The CI server as a Selenium Grid replacement
As I’ve been involved in more-and-more Selenium deployments over the last year, I’m less-and-less convinced that Selenium Grid should have much, if any, in any large-scale deployment. But that doesn’t mean that you shouldn’t be distributing scripts across various machines for both configuration coverage and just pure workload distribution. Which of course you absolutely should be.
Configuring you CI server as a Se-Grid replacement is easy-peasy; just create a parallel job chain.
But the bigger question is why you would want to do this. To me, the big thing is a visibility the CI server provides you for your runs. With Se-Grid, you have a single job and either it passes, or doesn’t. Well, which of your OS/browser/version combinations didn’t work? Time to start digging… With the CI route, you just look at the individual job results and it becomes quite apparent which one didn’t work.
Which leads to the next reason; debugging. If you have four environments in your grid_configuration.yml file and only one is misbehaving, in order to debug on that single one you have to change the file. This either means that you have to commit a change to a file, or log into a machine and modify a file. Either is bad. You should never have to log into a machine used for automation — that is why there exists things like Puppet. And committing things in should have other ramifications — like starting a new run through a build pipeline which seems silly for just a config. And a debug config at that.
And those two reasons are enough for me. But if you needed some other reasons:
- Your CI server server at this point is likely going to be distributing tests on multiple machines. And so by adding Se-Grid on top of that you have put another way of communicating to remote machines. ‘Another’ is a synonym for ‘something else that could go wrong and have to debug’.
- Se-Grid functionality is planned for inclusion in future versions of the Selenium Server, which will address the problem of it falling out of step with the ‘current’ version of things. I believe now it includes 1.0.3 of the Selenium Server which is old.

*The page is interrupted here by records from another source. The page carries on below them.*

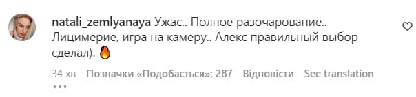 - "Жах. Повне розчарування. Лицемірство. Гра на камеру. Алекс зробив правильний вибір".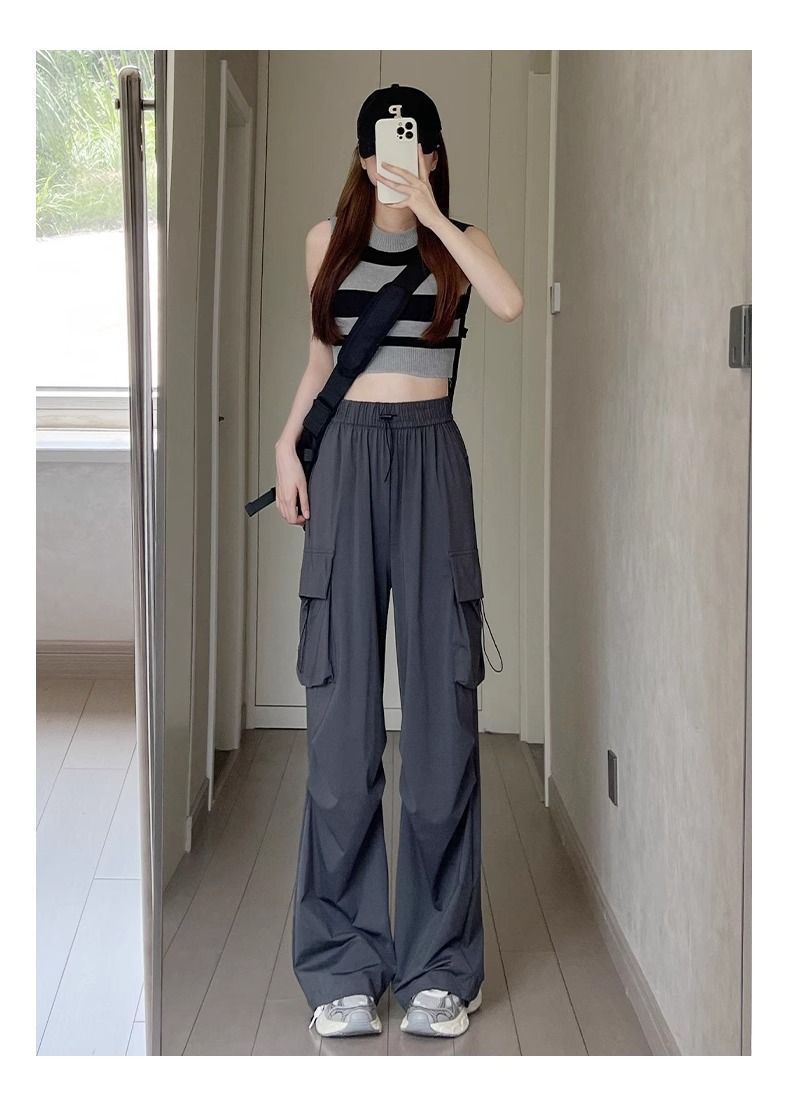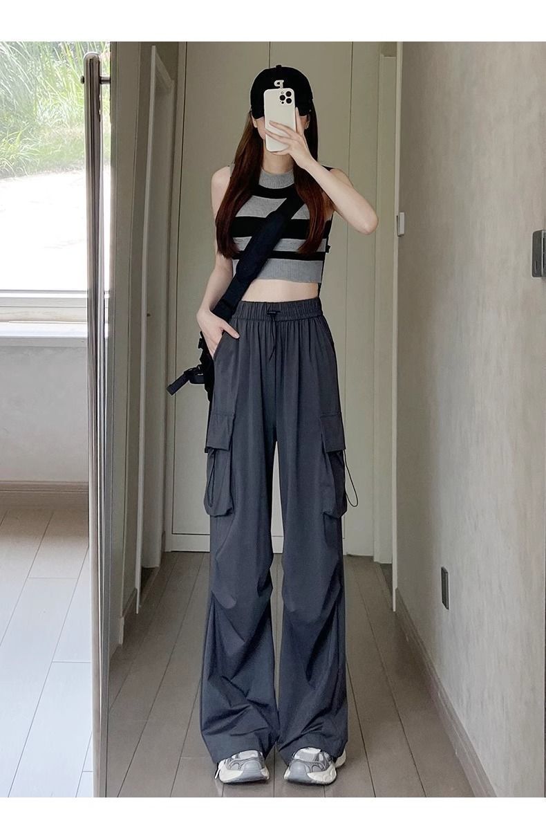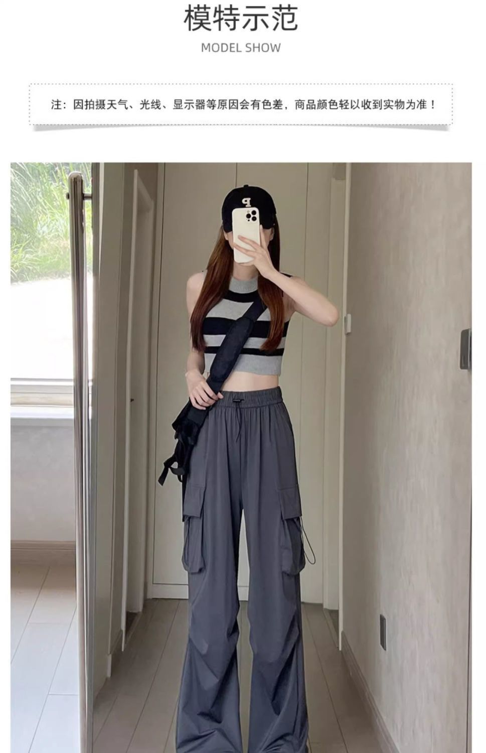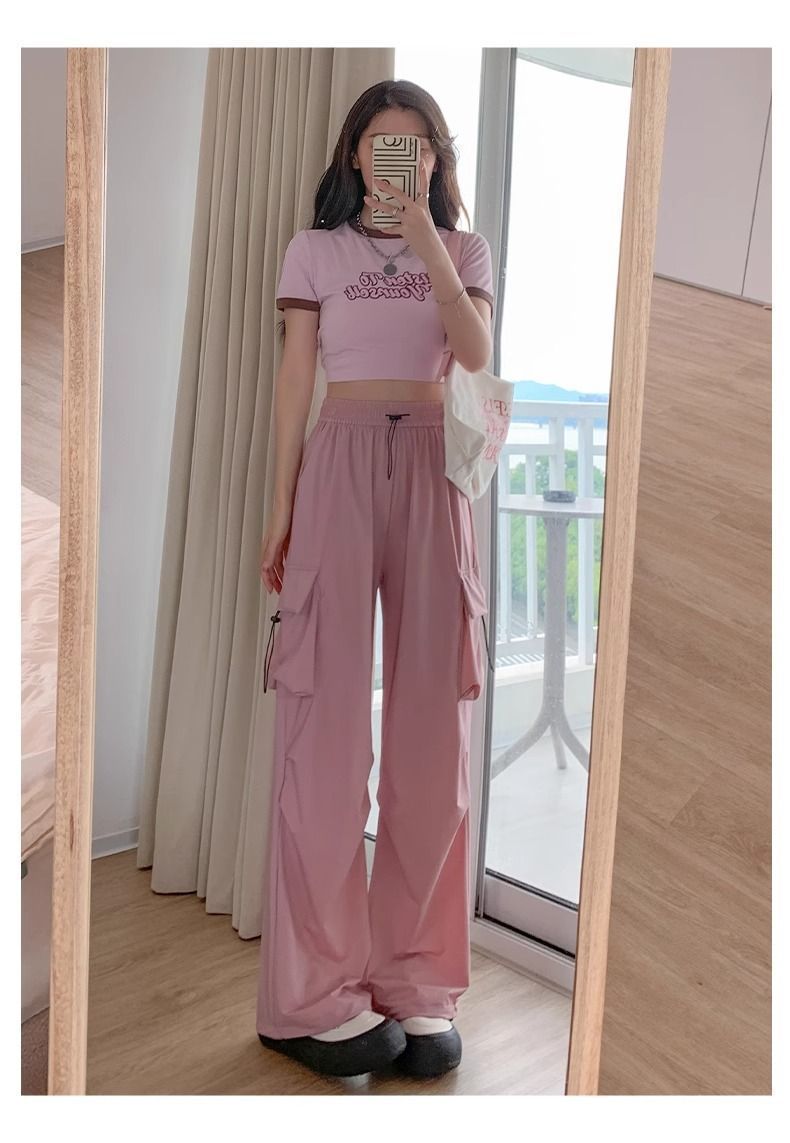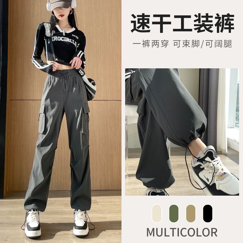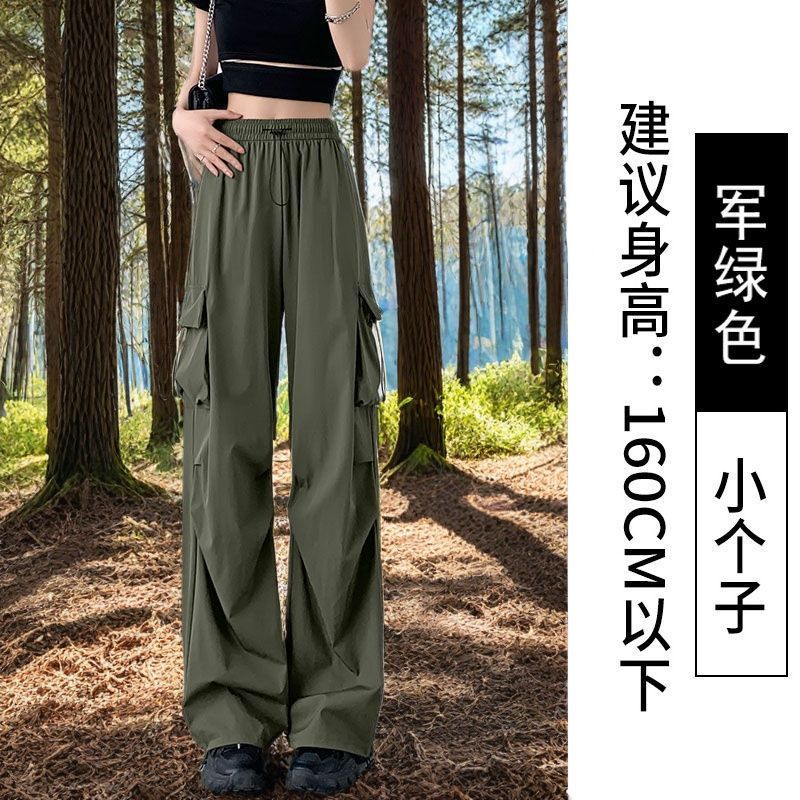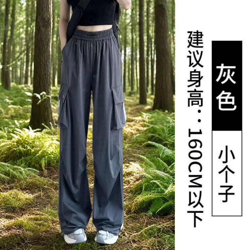 粉色工装裤女秋季2024新款高腰垂感降落伞裤休闲阔腿裤美式运动裤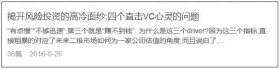 如揭开风险投资的高冷面纱:四个直击VC心灵的问题 (如下图 )—文中,作者将风险投资行业的一些信息进行拆解,并向读者和盘托出,这种"泄密"抓住了读者内心想要了解更多真相的愿望,起到了强大的吸引作用。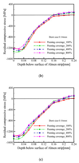 The peening coverage is 100%, 200%, 400% and 800%. The dent size of three cases is 0.125, 0.14, and 0.16 mm. With three dent sizes, the distribution of the RCS at different depth is shown in Figure 10 respectively. Figure 10a shown distribution of the RCS at 0.125mm of dent size. Figure 10b,c shows the dent size at 0.14 and 0.16mm, respectively.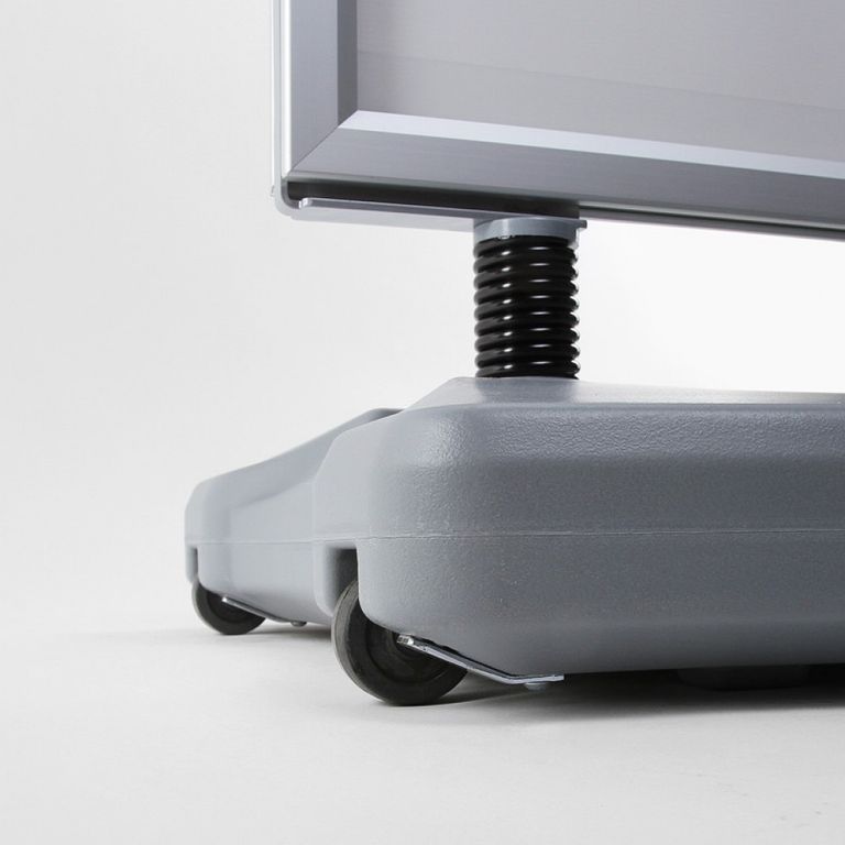 Speziell für Ihre Werbung in windigen Bereichen ist der Kundenstopper WINDTALKER® von f-Werbung in Erfurt die optimale Lösung. Sein mit Wasser oder Sand befüllbarer Standfuß bietet in Verbindung mit den Spezialfedern aus Stahl eine hohe Standfestigkeit. Für den einfachen Transport sind im Standfuß Rollen integriert. So können Sie den Kundenstopper trotz des Standgewichtes einfach bewegen. Der Aluminium-Schnellwechselrahmen kann doppelseitig mit Plakaten bestückt werden und garantiert Ihnen auch bei hohen Windstärken eine auffällige Werbemöglichkeit.

- Se-Grid relies on your scripting frameworks runner to do the parallelization, and subsequent aggregation of run results. Not every framework supports parallel execution. And even for those that do, having to put the parallelization code into the scripts un-necessarily complicates things. Threads are tricky; avoid trickiness.
- When I was at HP, we had 3 full racks of machines at our manual and/or automation disposal. Maintaining them basically monopolized our poor IT person 100% of the time. So I don’t have any qualms about recommending Sauce OnDemand to handle jobs for you. Building your own grid/cloud might seem the cheaper route, but how much is your hourly rate for maintaining it? That is the cost of it. Unfortunately, you cannot add OnDemand to a grid — no matter how often I suggest it. :) When you have multiple single jobs running in parallel via CI, you just point the ones that OnDemand can handle at OnDemand and the ones it cannot at local instances. And no one is the wiser.
Selenium is only a small part of the overall toolset these days. When completely manual processes and non-linked teams involved in building their own fiefdoms, erm, parts of the product I can see how Se-Grid fits into the picture. But high-functioning teams are very linked and the whole process of building stuff is automated as much as [ethically] possible meaning it isn’t up for the task anymore.